There are many other issues that are important, but Canadians are legitimately concerned about being governed by people who set high ethical standards. The biggest reason for that is that if people show a lack of ethics in the things that we do see, then my constituents certainly wonder about the things that they do not see and whether decisions with respect to the economy and foreign policy are actually being made with their best interests at heart.

If we see a government that is profoundly informed by conflicts of interest, whether that is cash for access fundraising or whether that is accepting an illegal vacation, then it leads people to question the broad range of government policies. They can see how perhaps the government's decision-making process is not correctly informed by the public interest, rather it is being inappropriately informed by private interests.

I wonder if the member could just clarify her views on this. Does she think we should be discussing the government's bad ethical behaviour in the House, or does she think Canadians should just shrug and not worry about the ethical foibles of the government?

Opposition Motion—Conflict of InterestBusiness of SupplyGovernment Orders

1:15 p.m.

Liberal

Filomena Tassi Liberal Hamilton West—Ancaster—Dundas, ON

Madam Speaker, that is a great question. I want to affirm my appreciation in particular for ethics. In fact, I commenced my doctoral studies in that area. I appreciate, deeply, the importance of ethical standards. However, I am surprised because I think it is the exact opposite. I think it is the opposition that is not accepting what the Ethics Commissioner has found here. That is what is making them repetitive and focused on this.

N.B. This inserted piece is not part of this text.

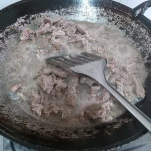 3. Air akan keluar sendiri dari daging. Guna api yang kuat.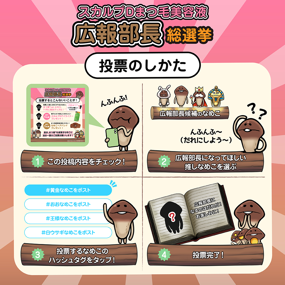 10月1日(水)に投稿されるスカルプDまつ毛美容液公式Xの投票投稿から、お好きななめこを選んで投票!

At a meeting the previous Ethics Commissioner attended, and it was the ethics committee that took place on January 10, 2018, there was an exchange between the member of Parliament for Beaches—East York and the Ethics Commissioner. The discussion was about the Prime Minister's full acceptance of the report and of the findings, and whether the act should require more than the Prime Minister's full acceptance of the findings. Her response to that was, “I think that's probably all that the act should require.”

Further to that, the Prime Minister not only accepted the findings of the Ethics Commissioner, he went above and beyond. What he said is that every future vacation that his family takes, that he takes with his wife and his children, he is not only going to consult with his wife and children, but he is going to clear it with the Ethics Commissioner.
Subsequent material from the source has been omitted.